Where commonplace is stronger. Knowledge has structure beyond accumulation. Our notes carry semantic links that articulate why things relate, descriptions that serve as retrieval filters for progressive disclosure, and status transitions that track maturation. Autocontext's playbook is a single evolving document — there is no mechanism for recognising that two lessons contradict, that a strategy insight generalises beyond its scenario, or that accumulated knowledge should be decomposed into composable pieces. The title-as-claim convention, which makes traversal itself a reasoning operation, has no analogue in autocontext's flat knowledge artifacts. Most critically: autocontext's knowledge is scenario-scoped (each scenario has its own isolated playbook/lessons/tools), while commonplace's knowledge is cross-domain and compositional — insights from one area inform work in another through the link graph.

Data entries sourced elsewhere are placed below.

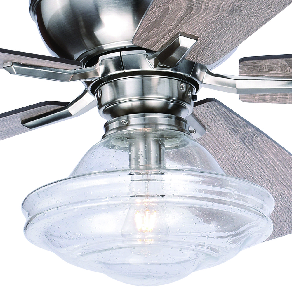 The Huntley is a timeless collection inspired by mid-century small-town aesthetics. The vintage schoolhouse glass is the focal point of this design with its unique profile. Add a vintage Edison style filament bulb to the included light kit to complete the look. This fan is compatible with sloped ceilings and includes a 6 inch down rod (longer down rods sold separately). Remote control included for added convenience.
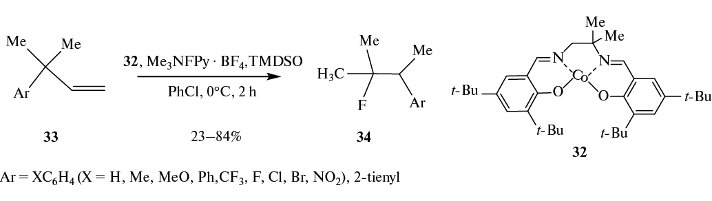 Катализируемая комплексом кобальта 32 перегруппировка Вагнера–Меервейна с миграцией арильной группы при фторировании аллильных производных 33 реагентом Me3NFPy · BF4 приводит к образованию фторидов 34 (схема 20) [39].
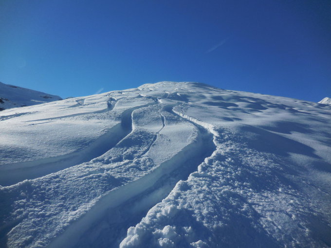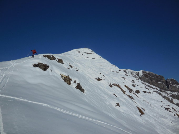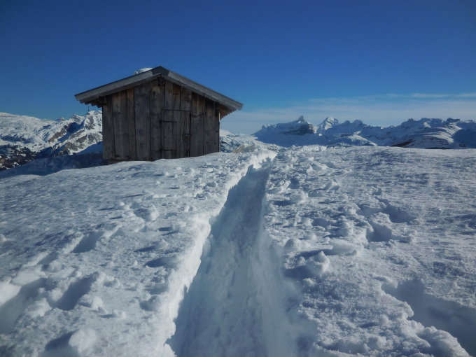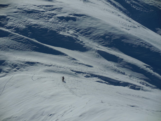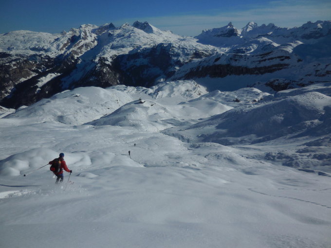 Abfahrt auf Aufstiegsroute, zeitweise Deckel aber auch schöne Pulverhänge angetroffen , kein Steinkonakt heute, Schneehöhe 10 cm - 80 cm im Gebiet vom Bisisthal, letzter Schneefall mit wenig Windverwehungen.

The deepest divergence is what learning means. Autocontext treats learning as performance improvement on a measurable task — the score goes up, therefore the system learned. Commonplace treats learning as capacity change (per Simon's definition) — the knowledge base becomes more capable of supporting good decisions across contexts, whether or not there's a numeric score to prove it. Autocontext's learning is verifiable but narrow (works within a scenario); commonplace's learning is broad but harder to verify (works across domains, but how do you measure "contextual competence"?). This maps directly onto the constraining-and-distillation trade-off: autocontext constrains aggressively (scenario-specific optimization), while commonplace distils broadly (cross-domain knowledge compression).
Borrowable Ideas
Backpressure gate with rollback. The advance/retry/rollback mechanism based on score delta is a clean pattern for any iterative process. For commonplace, this could inform how automated maintenance operations work: if a batch edit (link repair, index rebuild) degrades validation scores, roll back rather than commit. The pattern is: measure before, measure after, gate on delta. Needs a use case first — we don't have automated batch operations that could degrade.

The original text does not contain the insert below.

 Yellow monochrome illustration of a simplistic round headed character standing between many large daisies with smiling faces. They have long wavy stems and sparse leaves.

Explicit dead-end tracking. Autocontext maintains a list of known failed approaches that are never trimmed from context, ensuring agents don't repeat mistakes. For commonplace, a dead-ends.md or a status: dead-end convention could serve the same purpose — marking approaches that were tried and abandoned, with reasons. This is cheaper than hoping the agent will find the relevant note explaining why something doesn't work. Ready to borrow — low cost, prevents repeated exploration of known failures.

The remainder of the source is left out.